Provided data: Begin

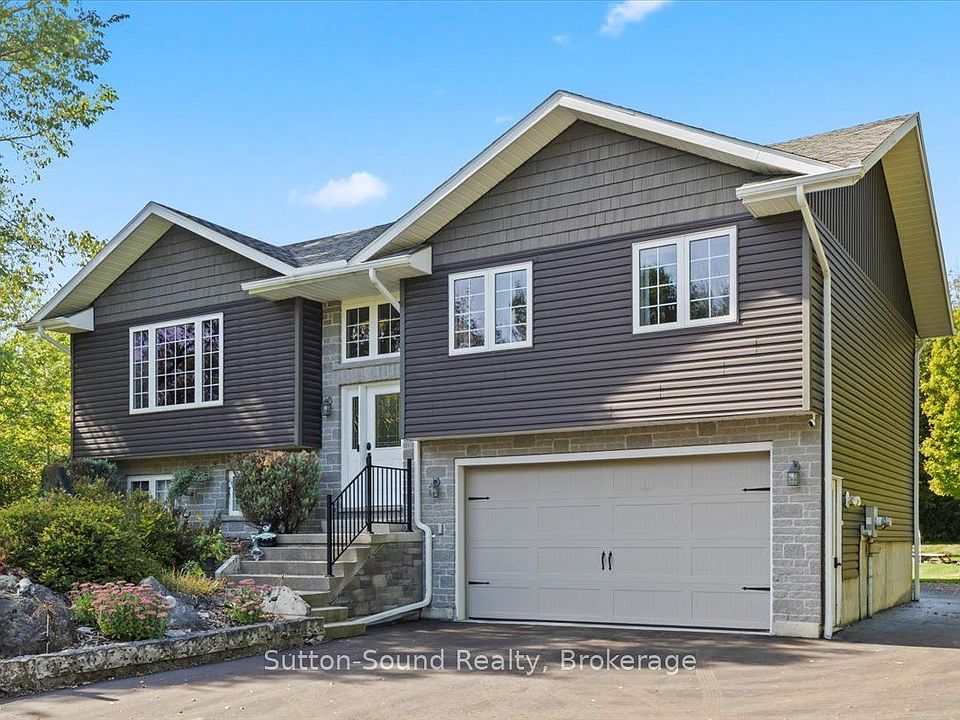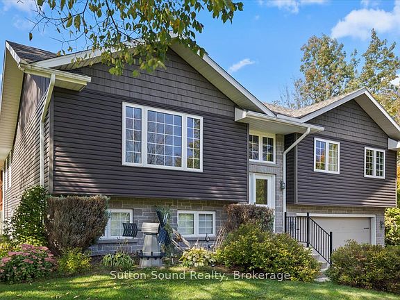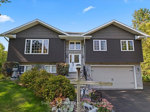 Welcome to this stunning family home siting on ONE acre, offering modern updates and thoughtful design in a desirable Georgian Bluffs location WITH natural gas. The open-concept family room features cathedral ceilings, engineered hardwood floors, an eye catching stone (gas) fireplace, and walkout to a covered deck. The showpiece gourmet kitchen boasts a 12' x 5' island with granite countertops, stainless steel appliances, coffee bar with wine fridge, and walk-in pantry. The spacious primary suite includes a step-in closet and ensuite with in-floor heating, while two additional bedrooms feature updated flooring and custom closet shelving. Main floor laundry adds convenience. The finished basement offers a sun-filled rec room, gas fireplace, large bedroom, mudroom, storage, 2-pc powder room, and walkout to a patio, with potential for an in-law suite. A heated/air-conditioned workshop and garage with bench and heater are ideal for hobbyists. Outside, enjoy the large mature yard with firepit and 12' x 20' Shelter Logic enclosure for extra storage and a Mennonite built 9' x 12' garden shed. Smart home lighting throughout and professionally maintained mechanicals complete this move-in ready property. Everything is ready for you - just move in and call it HOME!
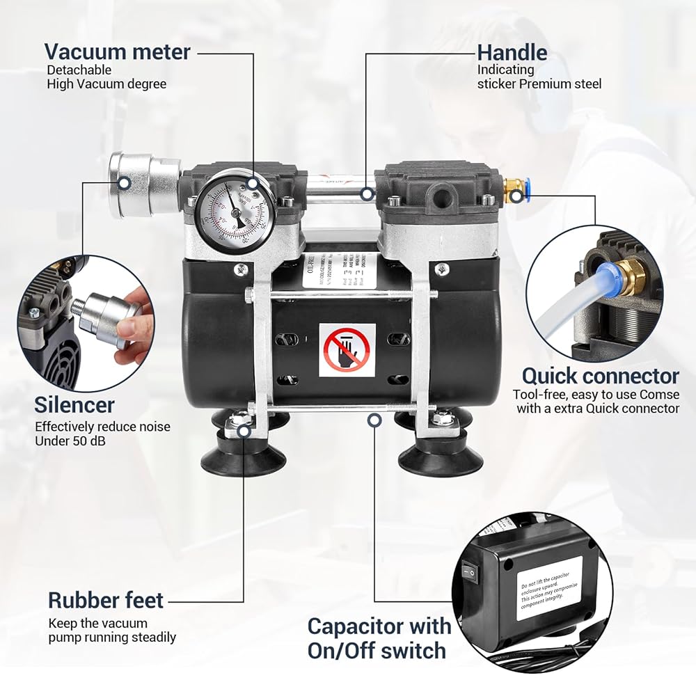 Silence Vacuum Pump: Aluminum alloy silencer reduces the noise generated during use to a greater extent, providing you with a quieter working environment. Your ears (and your neighbors) will thank you
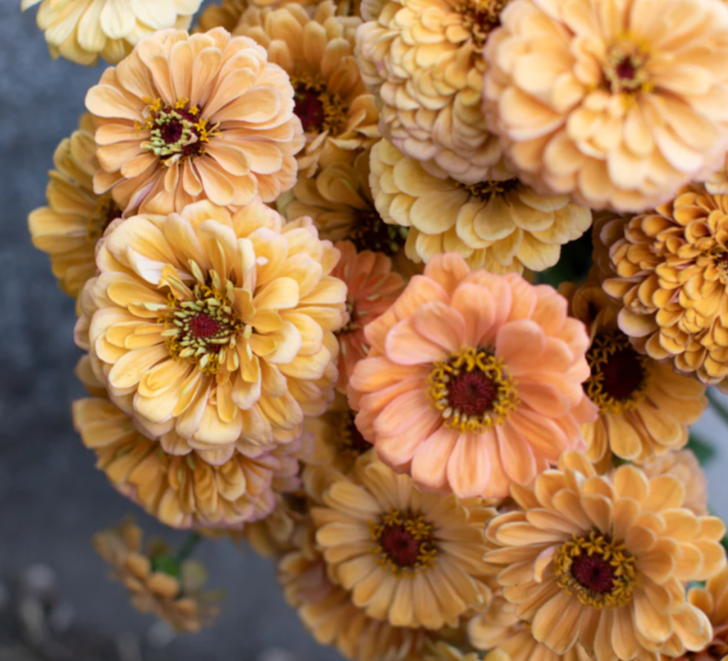 A floret original. Petite blooms ranging in the colors of buff, pale peach, rose-pink, blush, and the occasional soft orange.

Provided data: End

Work item: Every line between the one containing "Silence Vacuum Pump: Aluminum" and the end of the listing, both included, needs to be retyped exactly, minus the pictures.

Exercise output:
 Silence Vacuum Pump: Aluminum alloy silencer reduces the noise generated during use to a greater extent, providing you with a quieter working environment. Your ears (and your neighbors) will thank you
 A floret original. Petite blooms ranging in the colors of buff, pale peach, rose-pink, blush, and the occasional soft orange.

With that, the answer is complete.